Torna l'appuntamento con le anticipazioni dei migliori prodotti del cinema d'estremo oriente grazie a Giorgio Placereani, direttamente dal Far East Film Festival di Udine.
di Giorgio Placereani
Fra i film visti al Far East Film 2010 di Udine, nella selezione coreana non mancava (genere sempre gradito) un kolossal catastrofico: Haeundae di Youn Jo-gyun, in cui un mega-tsunami investe la zona balneare di Haeundae, che appartiene alla città di Busan, la seconda città della Corea (sede, per inciso, di un importantissimo festival cinematografico, cui però non si accenna nel film). L'apporto della computer graphic è ovviamente funzionale nelle scene del disastro, mentre nella parte iniziale appare un po' ridondante (i cineasti coreani, si sa, userebbero la computer graphic anche per l'inquadratura di un cartello stradale).
Il cinema catastrofico è rigorosamente un cinema a due tempi. Prima pone la situazione di pace, solitamente facendoci conoscere una serie di protagonisti in montaggio alternato; qui non guasta inserire un'incarnazione scientifica del personaggio sempre tragico di Cassandra; in seguito il film deve distruggere la situazione di pace che ha creato, allo stesso modo dei modellini che ha costruito, scaraventando i suoi protagonisti in mezzo alla distruzione.

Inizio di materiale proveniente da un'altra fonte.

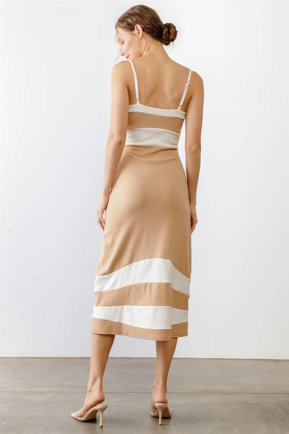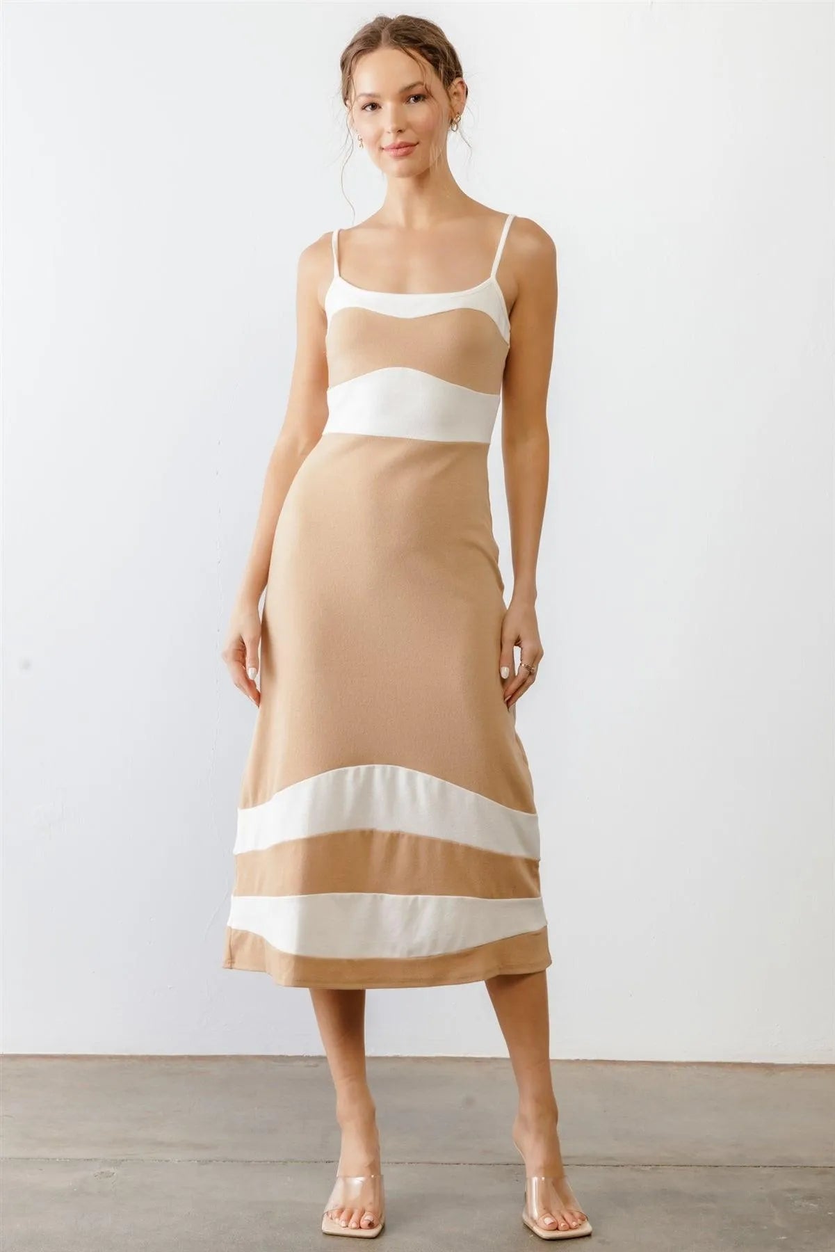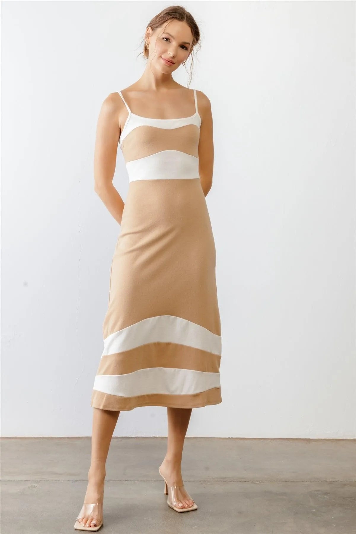 🖤 Item Features: Tan, white stripes, colorblocked, cotton material, square neckline, sleeveless, adjustable straps, midi length, semi stretchy, unlined, cute, cool, trendy, comfy

I coreani, però, hanno evidentemente capito che un disaster movie non deve per forza esaurirsi - hollywoodianamente - nell'“immagine del disastro” condita con un pizzico di moralità (come 2012 di Roland Emmerich). Il quadro iniziale può essere molto più articolato. Se già in passato il grande Bong Joon-ho aveva trasformato il film di mostri, col bestione gigante che si scaglia sulla gente, in un apologo commovente, articolato e complesso (The Host), a un livello certamente inferiore Youn Jo-gyun fa propria questa lezione per il film catastrofico.
L'originalità di Haeundae infatti sta nell'ampiezza e nella vivacità del quadro. Il film ha all'inizio un andamento quasi da comedy: vediamo anche quello che si potrebbe definire “il salvataggio in mare più pazzo del mondo” (del resto, non per nulla Youn è stato regista, anni fa, di un capolavoro della commedia demenziale quale Sex Is Zero). Poi, con l'erompere del disastro, il film si unifica sotto il segno del mélo dichiarato, con una sua mistica del sacrificio molto orientale.